Saprissa y la Liga saldaron con el empate un clásico de emociones, como hace rato no se vivía el duelo más atractivo del futbol tico.
El partido fue todo lo que se esperaba, un pulso entre los dos equipos más tradicionales en un estadio Ricardo Saprissa que rebosó de público y de ánimos.
Los dos técnicos sorprendieron con sus alineaciones: Guimaraes dándole pie al debut en este torneo de Alexánder Robinson y excluyendo a Yeltsin Tejeda de la titular, mientras que Óscar Ramírez se decidió por Kenner Gutiérrez y Jorge Gatgens para suplir sus bajas en la defensiva.
Lo de Guima fue una movida extraña, Robinson no había aparecido ni un solo minuto en los planes del técnico pese a que hace mucho recibió la alta médica, mientras que dejar a Tejeda fuera para incluir a otro inusual como Maykol Ortiz creó incertidumbre en los momentos iniciales.
A final la apuesta le resultó a medias, pues si bien Ortiz aportó una variante interesante en ofensiva, Robinson pasó minutos difíciles en el comienzo.
Pablo Gabas se encargó de sacarle el óxido desde muy temprano al lateral, apenas al minuto 7 el volante manudo le ganó el pique con el que cayó la primera conquista rojinegra en pies de Jonathan McDonald, el nuevo verdugo de los tibaseños.

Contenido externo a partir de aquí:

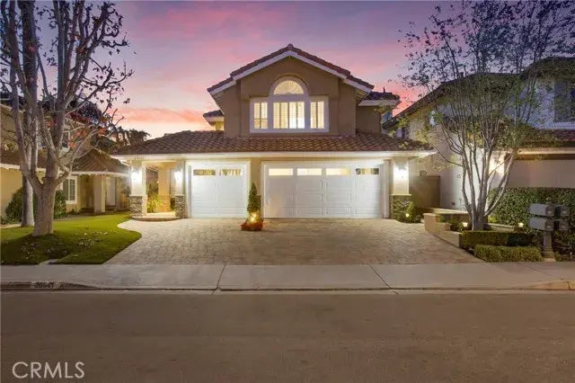 Panoramic sunset views at this stunning home in Rancho Niguel near the end of the cul de sac. Located in a highly sought-after neighborhood, this property offers a wealth of exceptional features and improvements, creating a true family haven with 5 bedrooms and 3 full bathrooms. One bedroom is conveniently located on the main level and used as an office & boasts a custom Murphy bed, has custom mill work, cabinetry and desk with quartz countertop. Beautiful wood flooring with baseboards throughout the main level with custom wainscoting and crown molding throughout the home. The living room's flooring was thoughtfully raised to match the entryway and adjacent living spaces, providing a seamless flow and boasts a fireplace with custom mantle. The family room features a fireplace as well with mantel and cabinetry plus additional custom cabinetry installed to house the TV and provide additional storage. The downstairs bathroom was refreshed with new tile, has new travertine tile flooring, custom vanity and mirror. The kitchen received a comprehensive overhaul in 2020 including custom cabinetry with additional pantry space added, featuring custom cabinets, elegant quartz countertops, and top-of-the-line Thermador double oven plus new dishwasher, under counter microwave and gas stove top. The entire house was re piped with PEX and a soft water system is in place. Fresh paint was applied throughout the interior of the home in 2020. Custom interior doors and upgraded hardware throughout the home. Southwest facing windows and bonus room windows all replaced with double pane windows.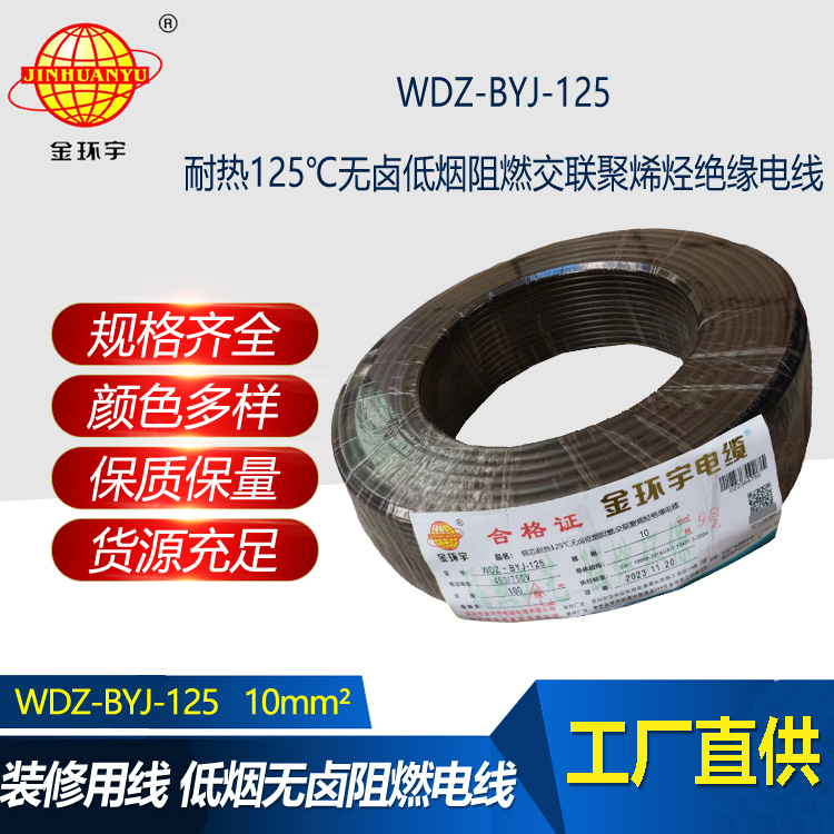 WDZ-BYJ-125:即為低煙無鹵阻燃電線,是指電線的絕緣層材料鹵素物質,在燃燒的情況下,不釋放含鹵氣體,煙霧濃度低,參照標準為JB/T 10491-2004,型號有WDZA-BYJ、WDZB-BYJ、WDZC-BYJ等,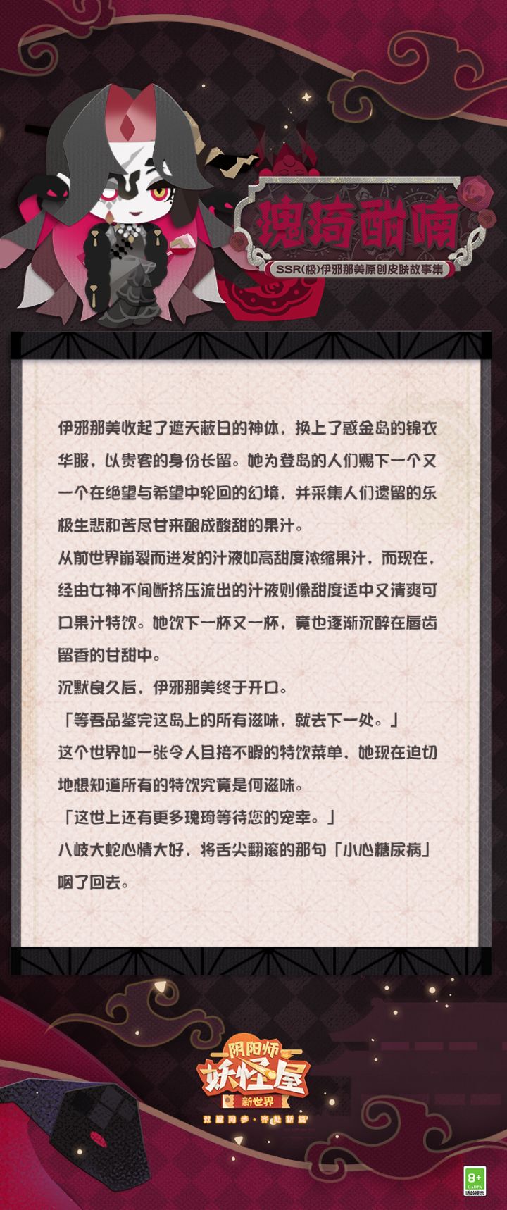 ☆妖怪屋伊邪那美版本现已开启☆宏伟的剧院,总是致力于向观众呈现「最完美」的世界。虚构的故事是否蕴含能吸引伊邪那美大人目光的魔力?家主请确保剧院内备有鲜甜可口的番茄土豆汤,以待贵宾。————1.0版本情报————※ 全新极阶式神伊邪那美来妖怪屋啦!召唤出极阶式神时,伊邪那美出现的概率提升至3倍!※ 伊邪那美典藏皮肤「瑰琦酣喃」上架皮肤商店,包含专属头像框、专属式神庭院动作与特效内容,上架首
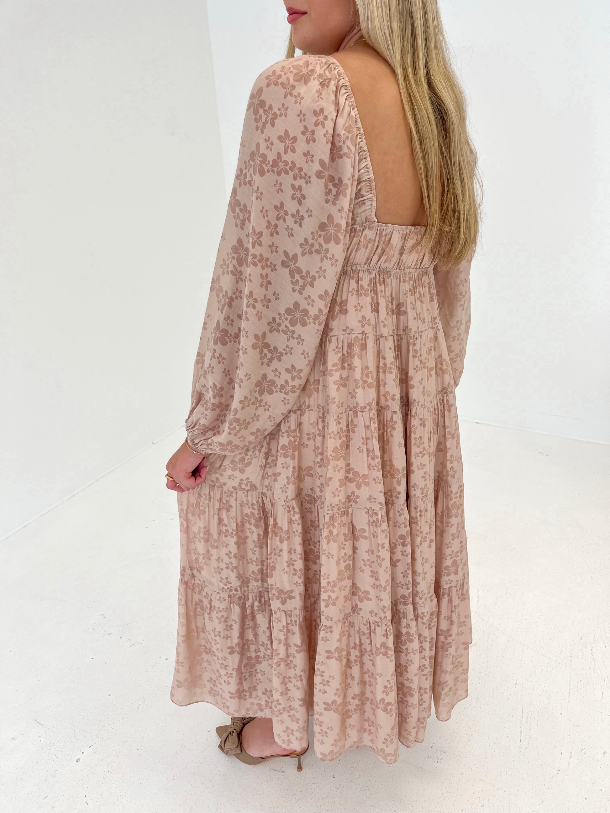 Floral smocked tiered long sleeve midi dress in color beige floral

Sin embargo, esa corrida sería una de sus últimas intervenciones, pues al 22’ Gabas debió abandonar por lesión, un hecho que marcaría un antes y un después anoche.
Sin su creativo la Liga se vio desorientada, perdió el camino hacia la parcela rival y dedicó valiosos minutos a replantear estrategias.
Aún así, Saprissa no encontraba la claridad en su juego, aunque poco a poco logró adelantar filas.
Al 36' Vinicio Mena cayó con el teatro de Walter Centeno y decretó la pena máxima que Jairo Arrieta tradujo en anotación al 38'. Lo mejor del duelo estaba por empezar.
Aún así, José Mena puso la cuota de ilusión al 66’ cuando de cabeza colocó arriba a un equipo que se las ingeniaba para salir adelante en medio de la inferioridad.
La alegría duró poco, pues cinco minutos después de nuevo McDonald reavivó las esperanzas manudas con un gol derivado de una confusa jugada en el área morada.
La Liga se sintió con ánimos para sacar el resultado, lo buscó y lo tuvo cerca, pero al final los tibaseños mantuvieron a raya cualquier insinuación rival.
Al final los honores se repartieron, aunque la afición no puede quejarse de un clásico que, después de mucho tiempo, agradó.